Retype the line in which "通常情况下,投资者对基金产品" appears, then every line after it until the records end. Leave out the pictures.

--- Input records Enclosed Below ---

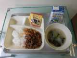 本日の給食は 豚肉のしょうが焼き・みそ汁・じゃこピーマン・ご飯・牛乳です。 「...
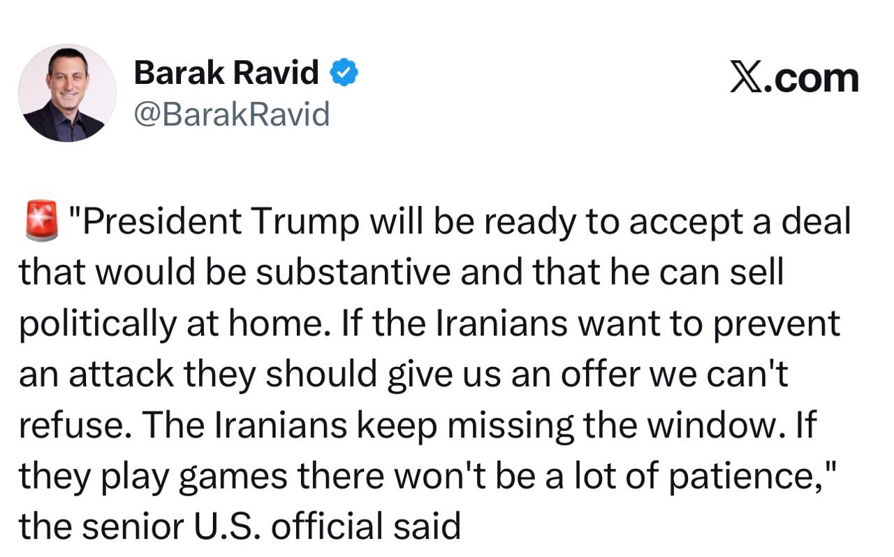 Корреспондент Axios Равид - о том, что Трамп не нападет на Иран, если Тегеран предложит "выгодную сделку":
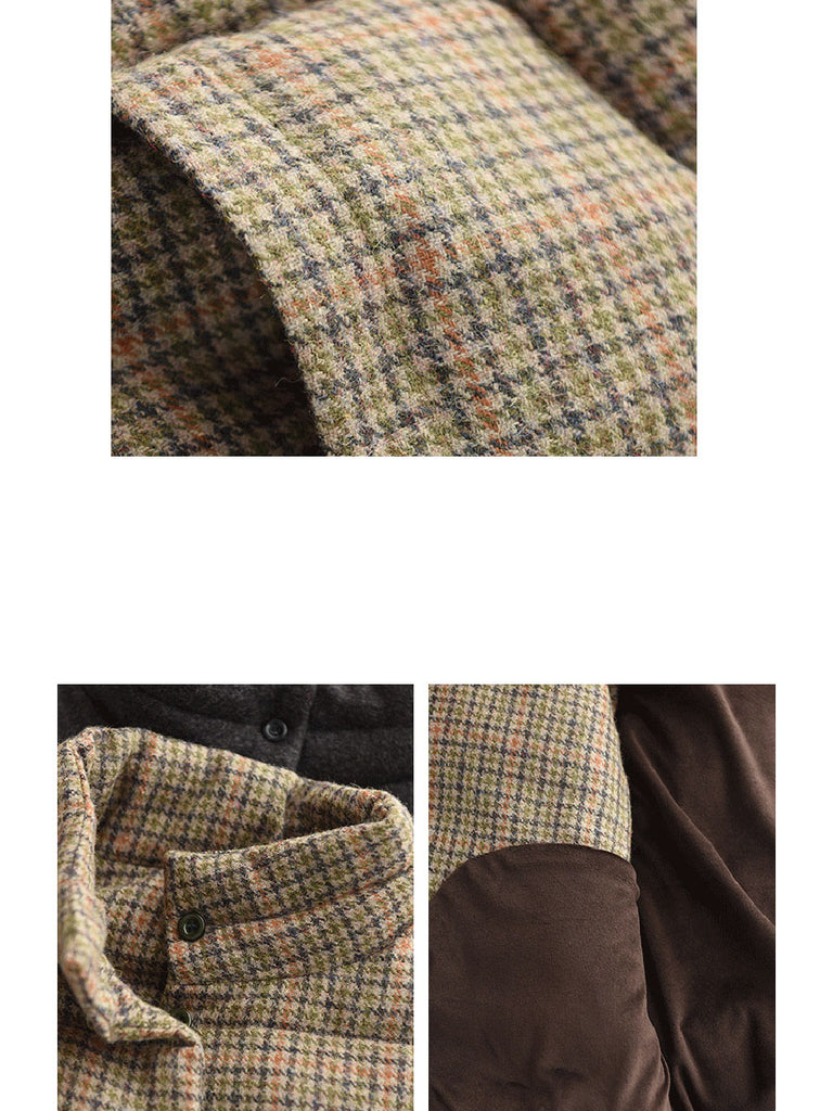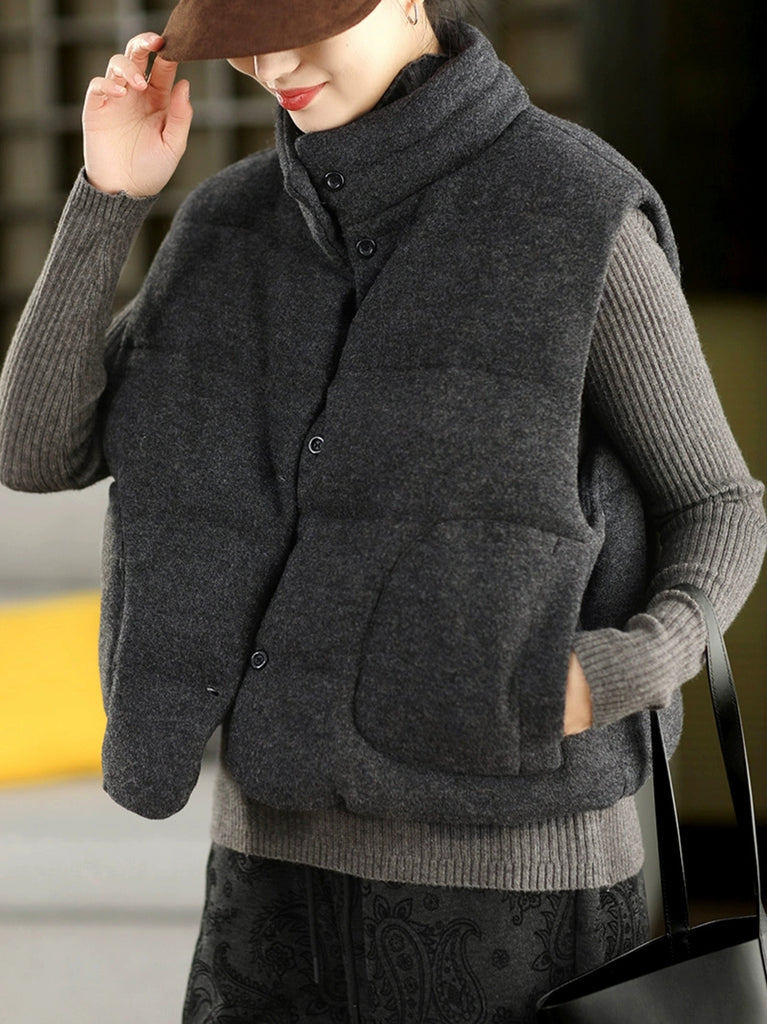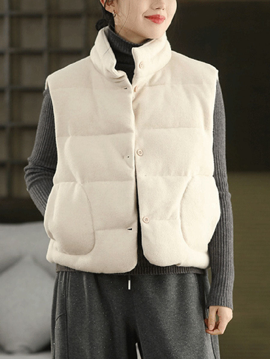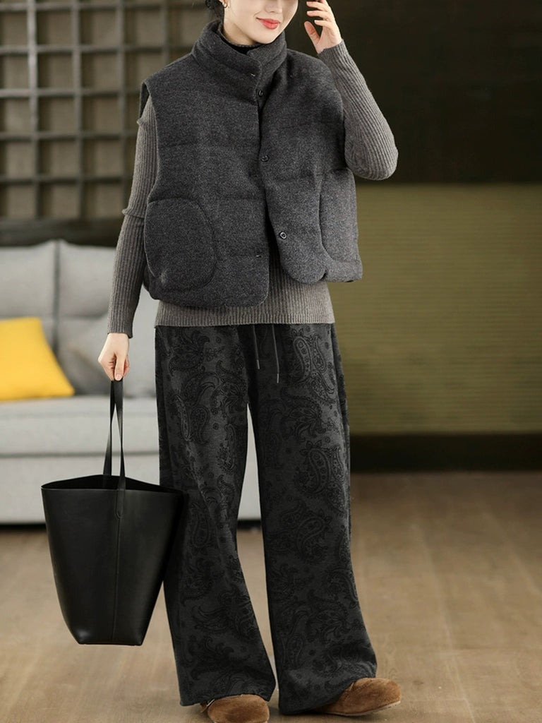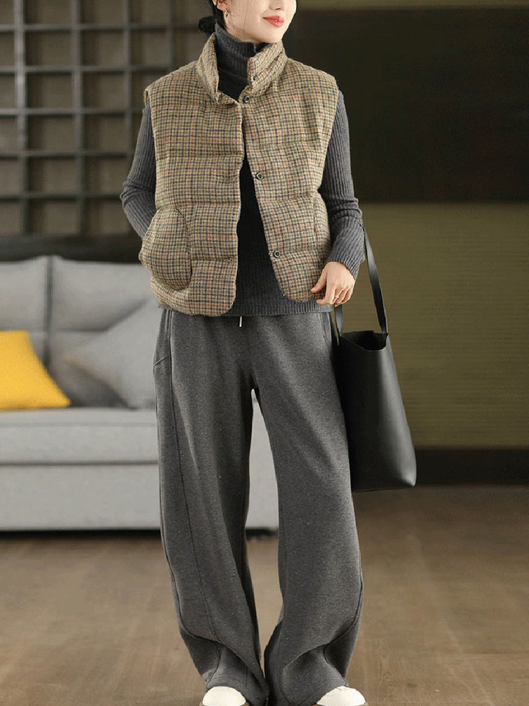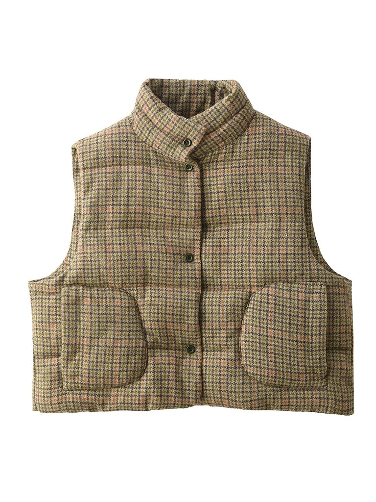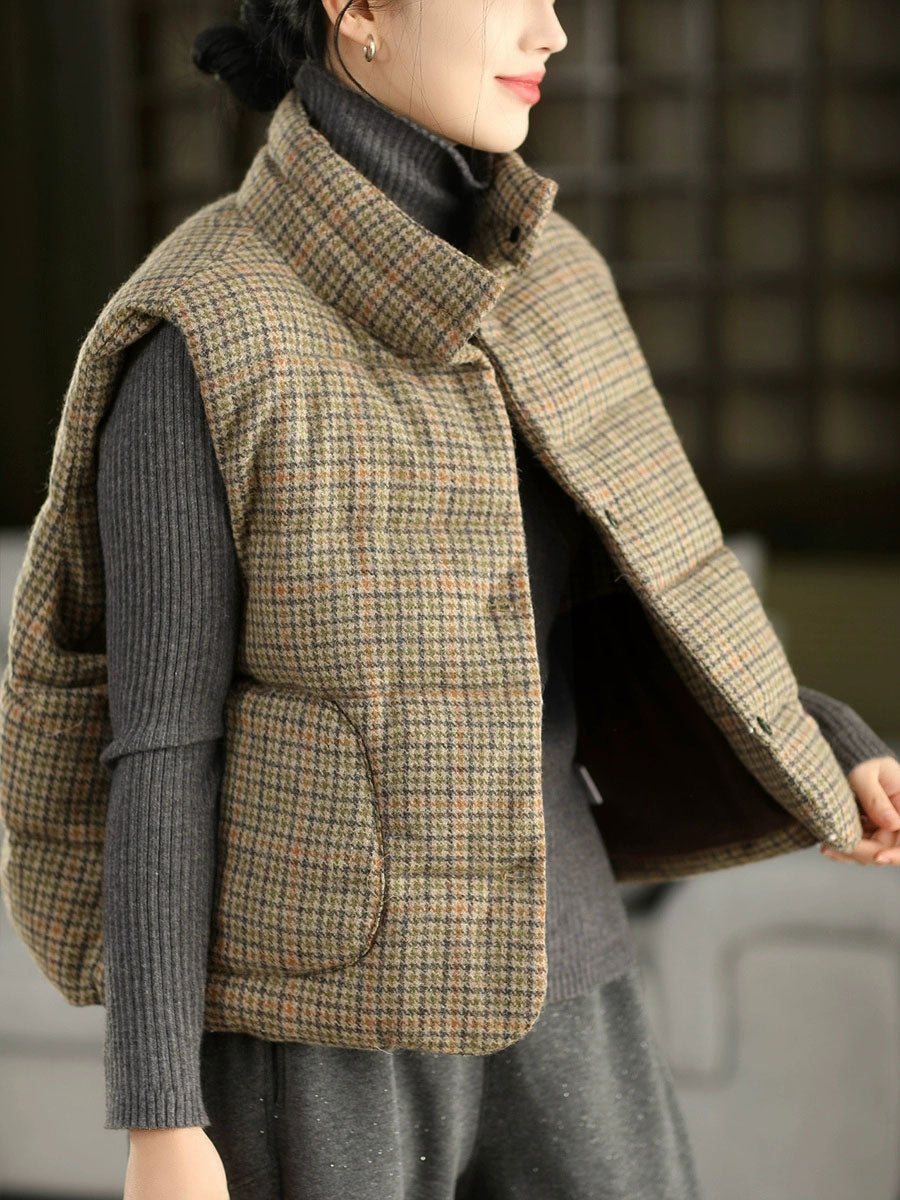 נשים חורף וינטג' משובץ צווארון עומד אפוד
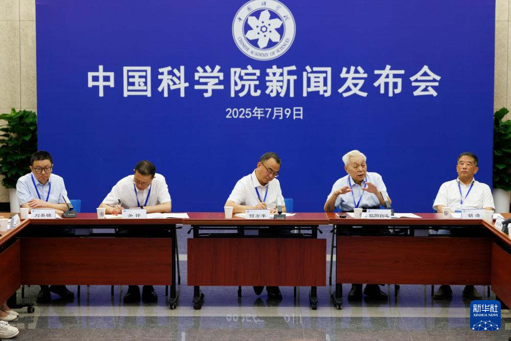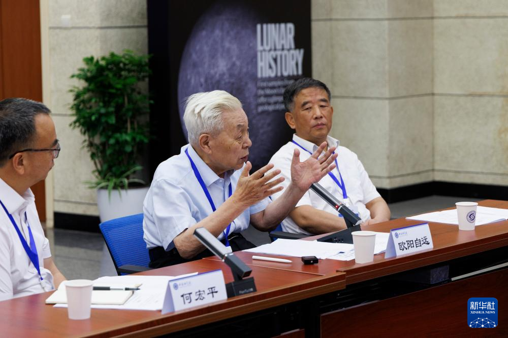 7月9日,在中国科学院召开的新闻发布会上,欧阳自远院士(右二)做专家点评。新华社记者 金立旺 摄
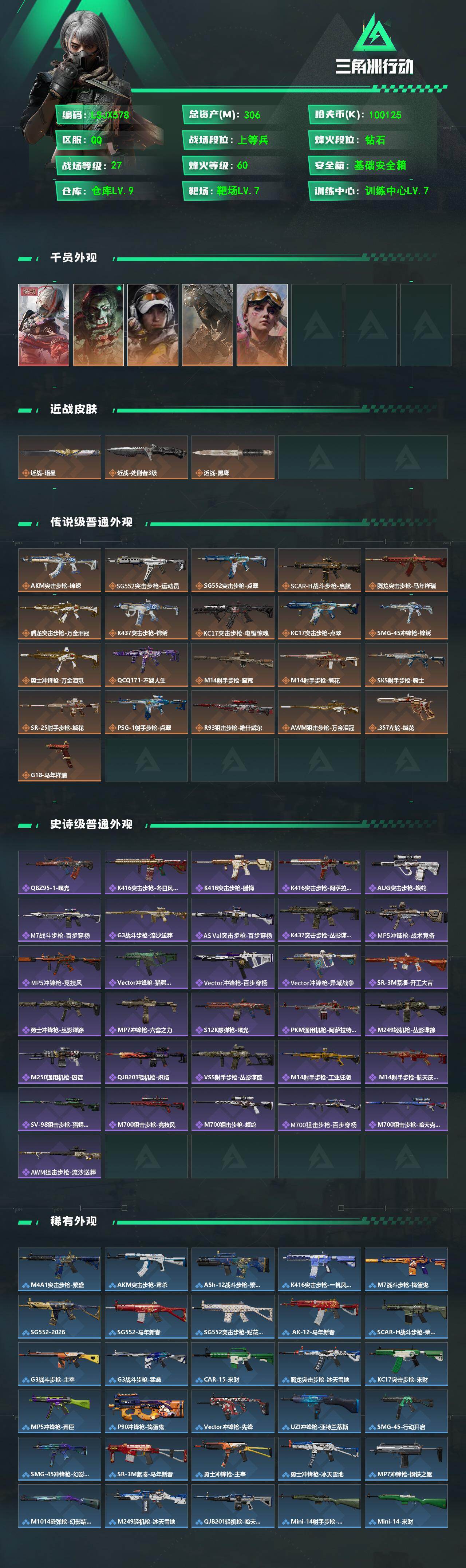 【特价出售/店主推荐】306m总资产-100125k哈夫币-60烽火等级-钻石-27战场等级-上等兵
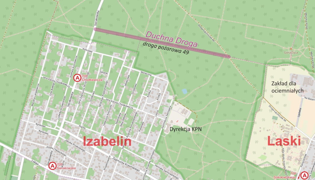 Racja, na mapce Duchna Droga jest oznaczona właściwie, natomiast droga pożarowa nr 49 jest na lewo od niej. Krótko mówiąc, Duchna Droga to nie jest droga pożarowa nr 49.
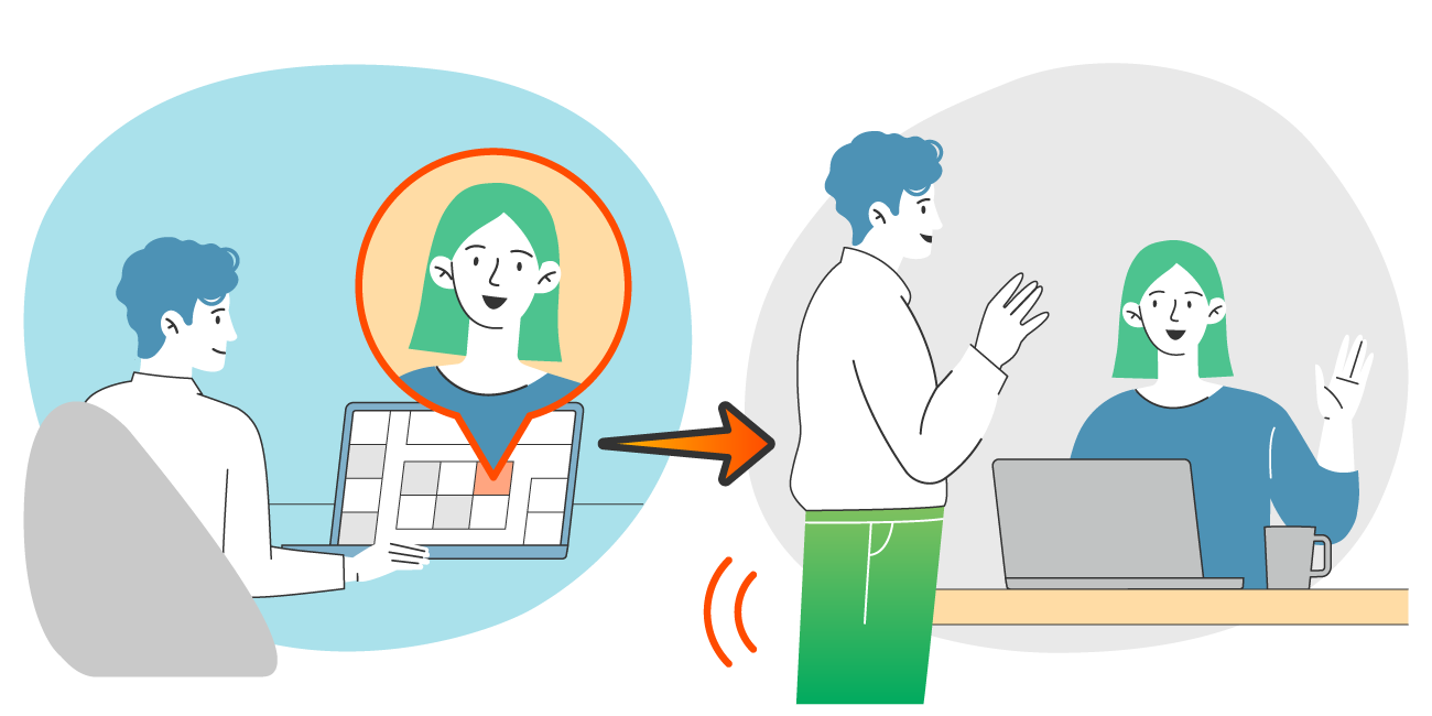 社内手続きがわからずに担当者のDさんを探したいBさん。座席システムを確認すると、Dさんが社内にいることがわかり、すぐに解決しました。
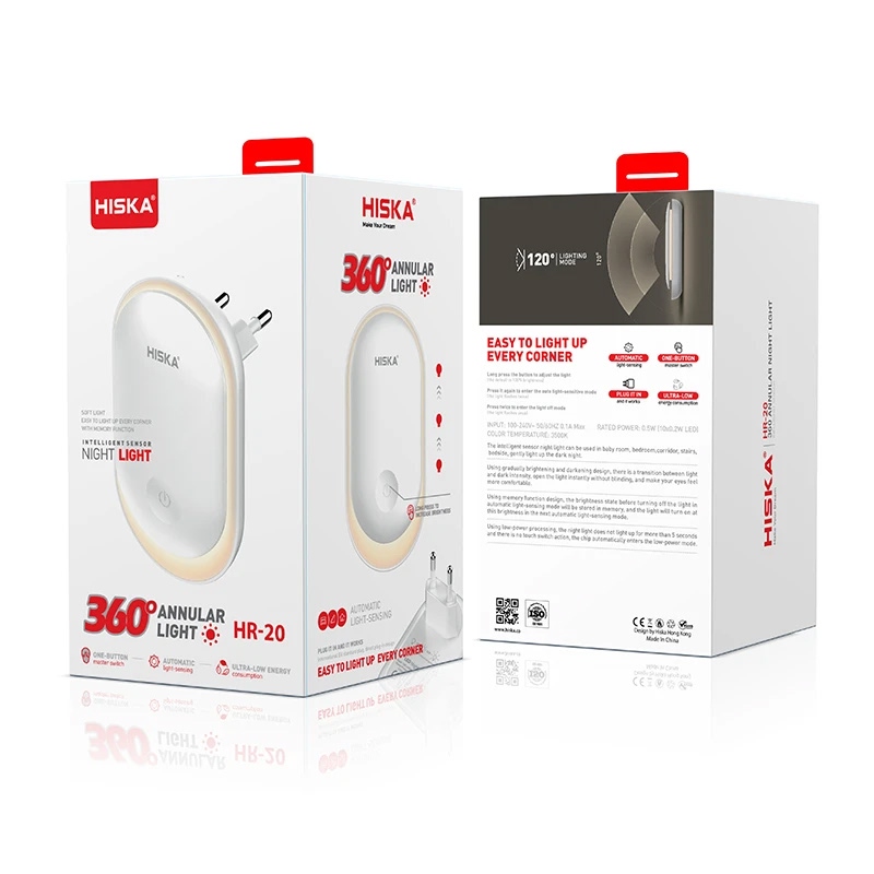 چراغ خواب هیسکا مدل HR-20 دارای سنسور اتوماتیک تشخیص نور محیط است که به صورت خودکار روشن و خاموش میشود. این سنسور باعث میشود که در صورت کم شدن نور محیط، چراغ به طور خودکار روشن شود و هنگام روشنایی محیط، خاموش گردد. این ویژگی کمک میکند تا شما هیچگاه نیازی به روشن و خاموش کردن دستی چراغ نداشته باشید.
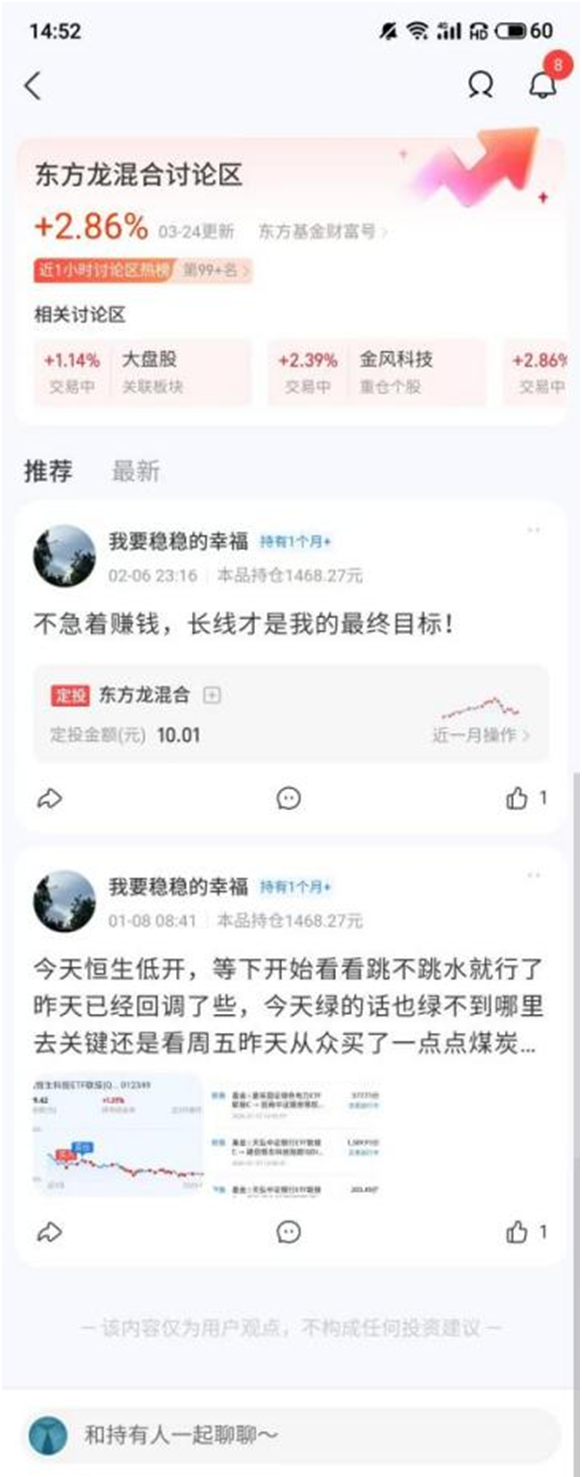 通常情况下,投资者对基金产品或基金经理有疑问,往往会优先选择在网上发声。但今年以来,东方精选混合的天天基金网基金吧内,基民发帖数仅11条,蚂蚁财富讨论区5条;东方龙的天天基金网基金吧内共4条,蚂蚁财富(支付宝基金)讨论区仅1条有效发言,2026年以前的内容已全部删除清空。
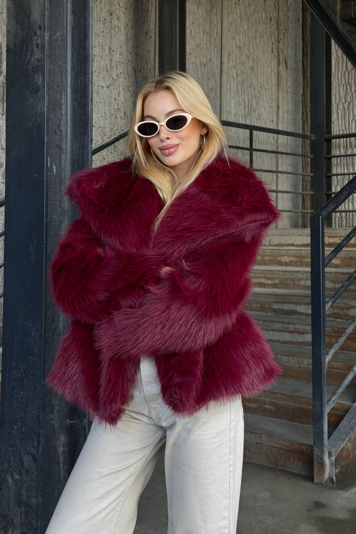 Mürdüm Suni Kürk Premium Peluş Ceket BCVL-25V218 Mürdüm Suni Kürk Premium Peluş Ceket BCVL-25V218 42
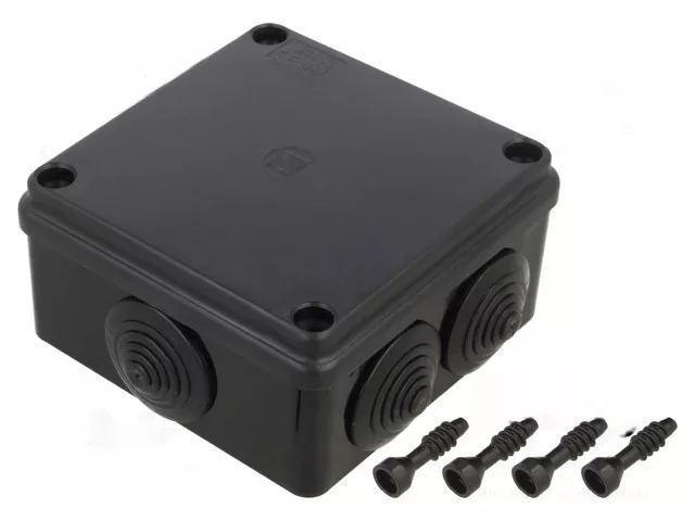 • Termék neve: Kötődoboz, 6 gumi bevezetővel, fekete, 100x100x50mm, IP65, UV-álló

--- End of Enclosed Input records ---

* [Answer for this exercise]:
 通常情况下,投资者对基金产品或基金经理有疑问,往往会优先选择在网上发声。但今年以来,东方精选混合的天天基金网基金吧内,基民发帖数仅11条,蚂蚁财富讨论区5条;东方龙的天天基金网基金吧内共4条,蚂蚁财富(支付宝基金)讨论区仅1条有效发言,2026年以前的内容已全部删除清空。
 Mürdüm Suni Kürk Premium Peluş Ceket BCVL-25V218 Mürdüm Suni Kürk Premium Peluş Ceket BCVL-25V218 42
 • Termék neve: Kötődoboz, 6 gumi bevezetővel, fekete, 100x100x50mm, IP65, UV-álló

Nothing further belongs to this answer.